I almost didn’t publish this post. I didn’t want to admit that I’m a slacker mom. But the truth is … I am. Sometimes I completely slack on things. Even things of importance. Like making dentist appointments for the kids.
Aislynn had her first visit to the dentist not too long ago. At the age of five. Actually, she was almost six. Just two months before her 6th birthday she visits the dentist for the first time. Yes, this poor child has been neglected, you can say it. You know I’m saying it to myself. At first I thought no big deal, we brush her teeth, what could possibly go wrong in such a young mouth?
Aislynn was less than thrilled at the idea of some stranger looking into her mouth. It took a bit of bribery coaxing from me to get her into that chair.
She finally agreed to sit in the chair, but no way was she going to open up her mouth. Uh uh, no way.
But, oh? What’s that cool little device? That doesn’t look too awful.
And what’s this? I get to wear these awesome glasses? This might not be so bad afterall.
Open up wide, let’s take a look inside…
She ended up being a very good little patient and held still and opened her mouth wide and all that. But here’s the thing: when I thought that brushing her teeth all these years had been enough — I was wrong. The poor girl inherited my lame teeth and no matter how much she brushes, she is prone to getting cavities. She has a mouthful of them. Had I brought her in at the wee age of 2 or 3 years old (like I was supposed to) we could have caught them while they were just beginning. But now? Well, now we’re talking major fillings on at least two of her teeth, and a few smaller cavities that we are “watching”.

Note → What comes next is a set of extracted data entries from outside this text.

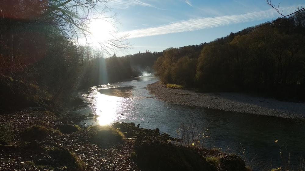 Geparkt an der Grosshesselsloher Brücke. Westseitig nach Süden. Super Eis in Pullach.
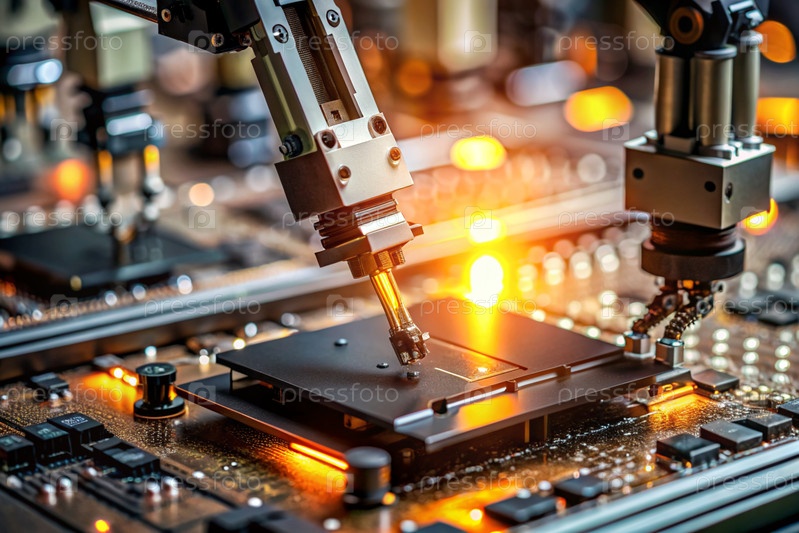 Автоматизированное производство электронных устройств. Современные роботизированные манипуляторы на сборочной линии чипов и печатных платок на современном электротехническом заводе. Установка компонентов на доске
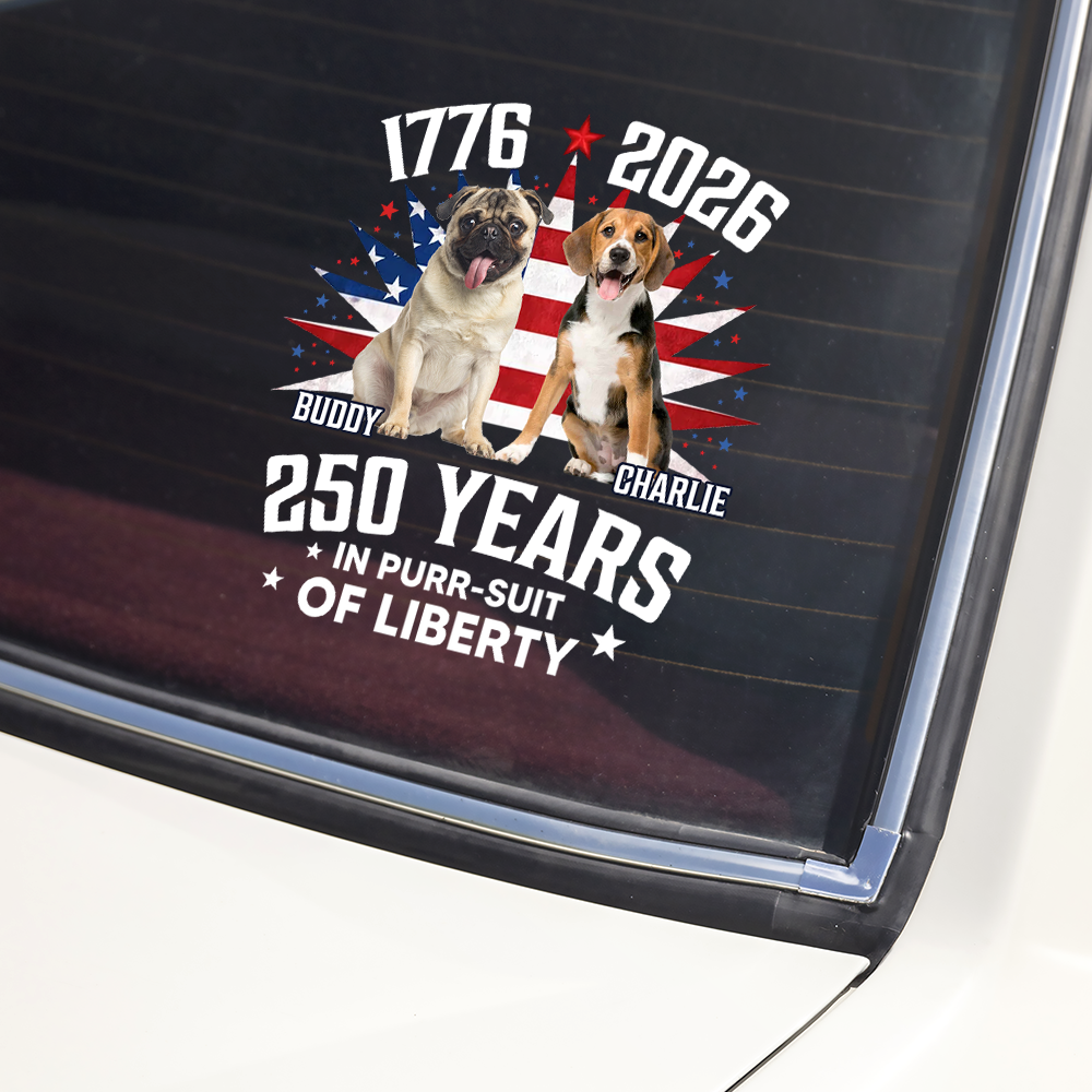 Celebrate 250 years of American independence with this eye-catching personalized car sticker. Perfect for patriotic dog lovers, this durable decal lets you showcase your love for country and canine companion in style. Whether you're heading to a Fourth of July celebration or displaying pride year-round, this custom sticker makes a bold statement on any vehicle. High-quality vinyl construction ensures long-lasting color and weather resistance. An ideal gift for veterans, history enthusiasts, and devoted dog owners who want to express their values on the road.
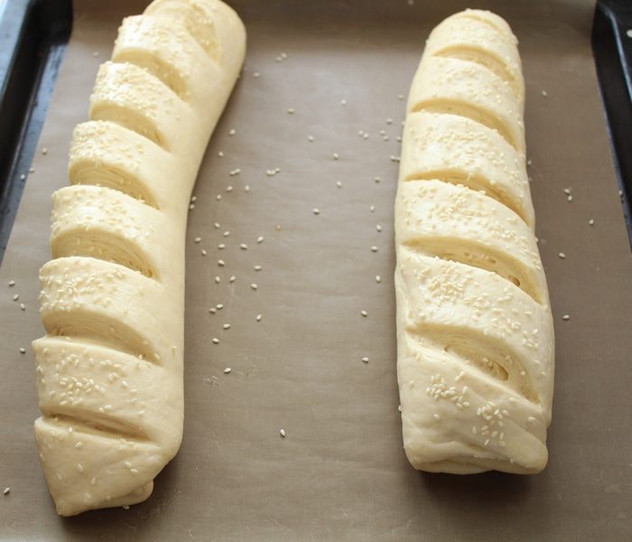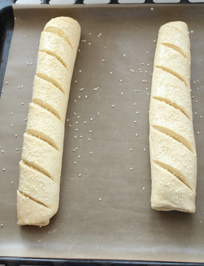 Выложить рулеты на бумагу для выпечки. Смазать взбитым яйцом или молоком. Посыпать кунжутом и сделать косые надрезы.
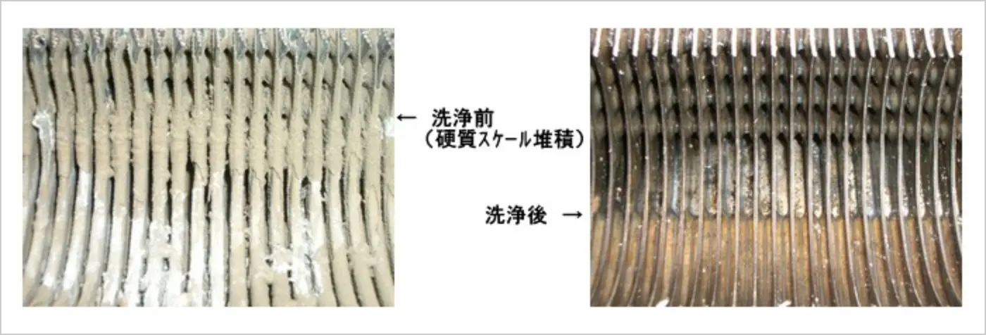 熱交換器内への汚れの付着は、冷水・冷却水に対する伝熱低下の原因となり、エネルギーロスの多い非効率な運転状態になります。熱交換器の電熱効率低下が確認された場合には、随時状況にあった洗浄方法をご提案しますので、お客様の省エネ管理にお役立てください。

Yes, I feel like lame mom. Yes, I feel bad because she’s our #7 and all the others before her went to the dentist at a much earlier age…and this must say that I have waaaaay too many children to keep track of, because now I’m beginning to slack and the younger ones are suffering for it. Is that what this says? Or am I being too hard on myself. Sometimes it’s hard to tell once the Mommy Guilt creeps in, because we all know how the MG takes over in your mind. Once it gets in there, it’s hard to hear logic above the roar of “FAILURE! YOU ARE FAILING YOUR KIDS, YOU LAME MOM, YOU!!!!”
Shut up, MG — I don’t want to hear it.
In my pitiful attempt at a defense, her teeth looked nice and clean and healthy to me — but alas, the x-rays told a different story. It’s a fact that some of my kids have Rich’s teeth; strong enamel resulting in a non-cavity filled mouth. And the rest of them? Well, they have my teeth; weak enamel, and no matter how much they brush, they are prone to getting cavities.
I just want you all to know that Andrew has had his first check up already — the same week Aislynn had hers. And he has NO cavities. Yay!!! Another one with Rich’s enamel. And Aria? Well, I already have her appointment made, so we will soon see about her. And I’m adding on to the list of my New Year’s Resolutions: NO MORE SLACKING on the important stuff! (it’s still okay to slack on the housework and laundry!)
Angela says
You are so NOT a slacker! You are busy mom and just because one of your children went to the dentist a little later than the others does not even come close to making you a bad mother. I honestly don’t know how you do it all. I only have 3 children. My oldest is 6 and despite regular check-ups since age 2, diligent brushing and flossing he still has had 4 cavities. I am 35 years old and have less cavities than my 6yo son. And I go YEARS between visits to the dentist. How is this even possible??
So don’t be so hard on yourself. You are FANTASTIC mom and a role model to many, myself included. So keep up the good work Trina!